SPMFE-UNet: shape perception and multi-scale features enhancement UNet for robust abdominal organ and skin lesion segmentation.
Authors
Affiliations (2)
Affiliations (2)
- School of Information Science and Engineering, Yunnan University, Kunming, People's Republic of China.
- Department of Colorectal Surgery, The Third Affiliated Hospital of Kunming Medical University, Kunming, People's Republic of China.
Abstract
Convolutional neural networks demonstrate strong performance in medical image segmentation but face clinically significant challenges due to the morphological diversity of anatomical targets-including substantial variations in shape, scale, and position. To overcome these limitations, we propose shape perception and multi-scale features enhancement UNet, a novel architecture designed to jointly learn discriminative geometric features (shapes and scales) for robust target perception. The proposed framework designs two synergistic core modules to address the challenges of anatomical shape and scale variability: a shape perception module (SPM) that employs a dynamic gating mechanisms to adaptively sharpen crucial contour features and suppress irrelevant background interference, and a multi-scale features enhancement module (MFEM) which leverages a parallel multi-branch convolutional architecture with varied receptive fields to capture and intelligently fuse hierarchical patterns, from local textures to global semantics. These co-optimized modules form an integrated feature learning pipeline where the SPM purifies shape-related features and the MFEM empowers them with rich contextual information, enabling joint geometric perception for robust and accurate segmentation across heterogeneous clinical imaging scenarios.

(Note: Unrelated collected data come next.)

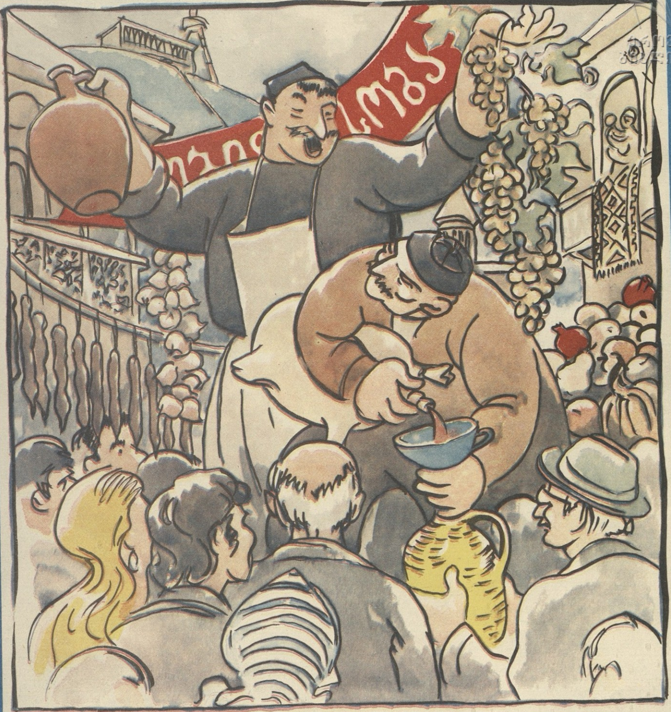
— ახა ჩვენი ფახით თუ ჩამოვუტანეთ თბილისელვს ყველა- ფარი, ესენი სოფალუი ჩამოვსვლელაბილა არინან?!
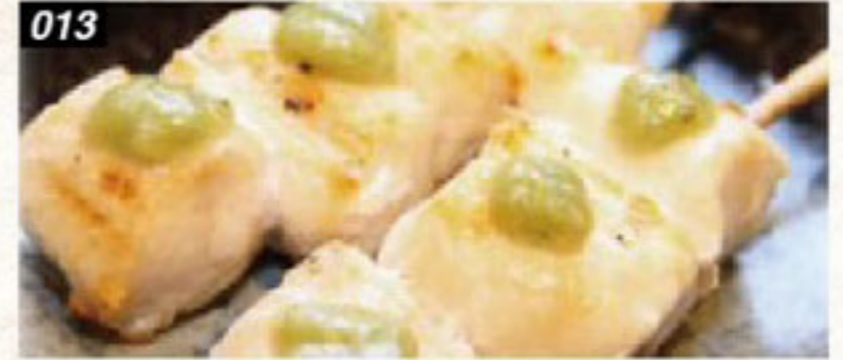
013 ささみ (わさび、柚子胡椒、明太) Chicken fillet (Wasabi, Yuzu pepper, Mentaiko) เนื้ออกไก่ย่าง (วาซาบิ, ส้มยูซุพริกไทย, ไข่ปลาเมนไทโคะ)
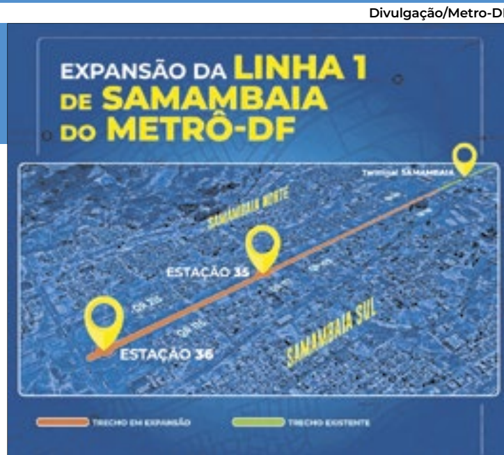
As duas novas estações do ramal Samambaia serão construídas nos próximos três anos

O consórcio CG – JFJ, formado pelas empresas CG Construções LTDA e JFJ Tecnologia em Instalações Elétricas, foi o vencedor da licitação para as obras de expansão da linha 1 no trecho Samambaia, que faz parte do projeto de expansão do
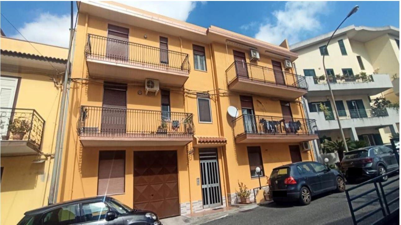
Foto 1 Prospetto principale via Roma Lato Nord
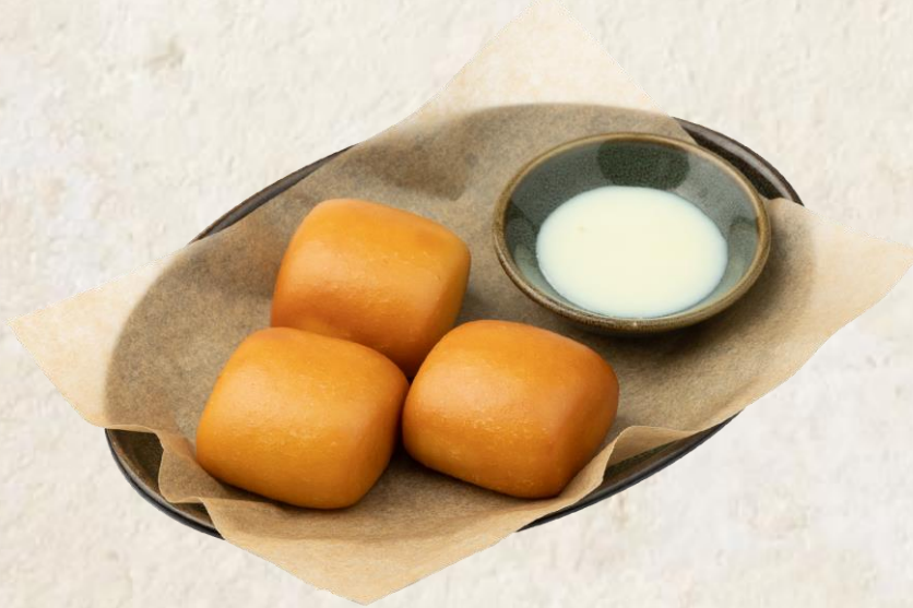
튀긴 꽃빵 Deep fried bun 8

모든 가격은 원화이며 천원 단위로 표기됩니다. 10% 부가세와 10% 봉사료가 포함되어 있습니다.
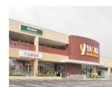
ヤオコー徒歩圏内
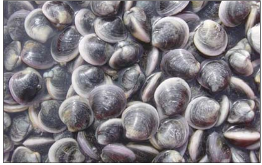
养殖基地里的青蛤。
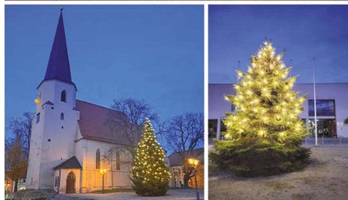
Fotos: Weihnachtsbaum Marktplatz, Weihnachtsbaum Altmarkt Weihnachtsbaum Platz des Bergmanns
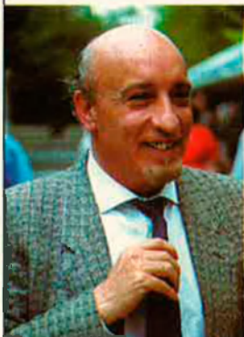
Manuel Vicent, escriptor i periodista

dir amb això que si qualsevol violació de domicili és greu, el que es faça en qualsevol mitjà de comunicació és una doble violació, contra les llibertats individuals i contra la llibertat d'expressió. I que conste que no és només una agressió contra els drets de la redacció d'EL TEMPS i dels seus lectors, sinó que ho és contra tots els ciutadans que desitgen l'existència en aquesta societat d'una pluralitat informativa real.
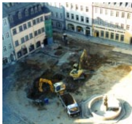
Baustelle Geraer Markt
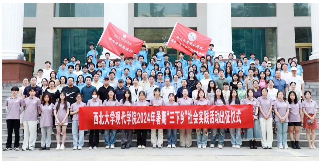
2024年暑期“三下乡”社会实践活动出征仪式。

在丹凤县，“三下乡”社会实践团队深入丹凤葡萄酒厂和丹凤公交公司，探寻企业发展路径，为其提供智力支持与创新思路助力。在丹凤葡萄酒厂，师生们参观先进的生产设备，了解葡萄酒的酿造工艺和市场营销策略。在与企业管理人员和员工的交流中，深入分析企业在品牌建设、产品创新等方面的优势与挑战，并提出了具有针对性的建议，助力企业提升核心竞争力。丹凤公交公司的调研聚焦于公共交通服务的优化和运营管理的改进。支教队通过实地考察、采访调查等方式，为公交公司提供了崭新的发展思路，以提升乡村公共交通的便捷性和舒适性。
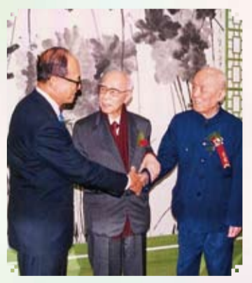
傑出華人：李嘉誠、饒宗頤、季羨林
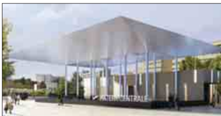
Nelle foto il cantiere e come sarà la nuova stazione di Matera centrale realizzata dalle Fal
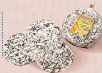
行田ポンせんべい (古代米) 260円
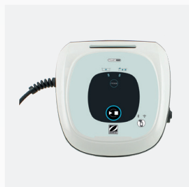
Unidad de control
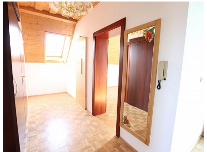
Tolle 150m 2 Penthousewohnung in Klagenfurt
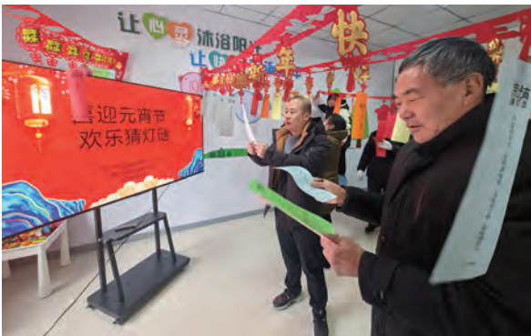
为充分展示传统民俗节庆的内涵魅力,促进社企共建合作,营造喜庆、文明、祥和的元宵节气氛,近日,青口投资公司生产生活服务中心分会联合黄沙坨社区共同开展了做花灯、猜灯谜活动。(田盛楠)

岗位创新活动递增高质发展活力。鼓励劳模先进带领团队立足企业生产经营的前沿阵地,不遗余力地发挥聪明才智,源源不断释放创新能量;开展“劳模与我同行”“我身边的工匠”宣教活动,用先进事迹感染职工,带领更多职工“学习劳模、争当先进”;发挥示范引领作用,鼓励职工大胆创新、大胆突破,造就一支高素质的产业工人队伍。(神特宣)
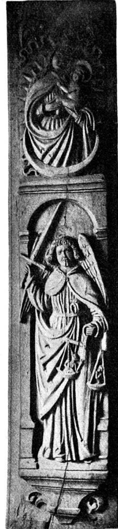
Abb. 4. St. Michael als Patron der armen Seelen.

So bildete die Vorliebe für geschnitzten Zimmerschmuck in einem gewissen Sinne die würdige Ergänzung zu der in Schwyz gleichzeitig blühenden Sitte des Wappenscheibenschmuckes. Bei beiden Künsten handelt es sich darum, in beschränktem bescheidenem Raume stilvolle Effekte zu erzielen. War es der zeichnerischen Hand verhältnismäßig leicht, ihre Kunstabsicht dem Glase anzuvertrauen, so gestaltete sich das Problem um so schwieriger für den Bildschnitzer, seine schwere Hand vermochte, wie unsere Bildschnitzereien deutlich zeigen, der Schwesterkunst nicht standzuhalten.

Experiments demonstrate competitive performance across three datasets: on Synapse, our method achieves a Dice score of 84.67% (surpassing CCViM by 2.02%) and an HD95 of 16.37 mm; on ISIC-2017, it attains a Dice of 92.36% (outperforming EMCAD by 1.15%) and an mean Intersection over Union (mIoU) of 86.93%; and on ISIC-2018, it reaches a Dice of 90.81% (exceeding CCViM by 0.75%) and an mIoU of 84.31%. Our method effectively mitigates mis-segmentation artifacts stemming from scale mismatches and shape irregularities, ultimately delivering superior robustness and accuracy in complex clinical imaging scenarios.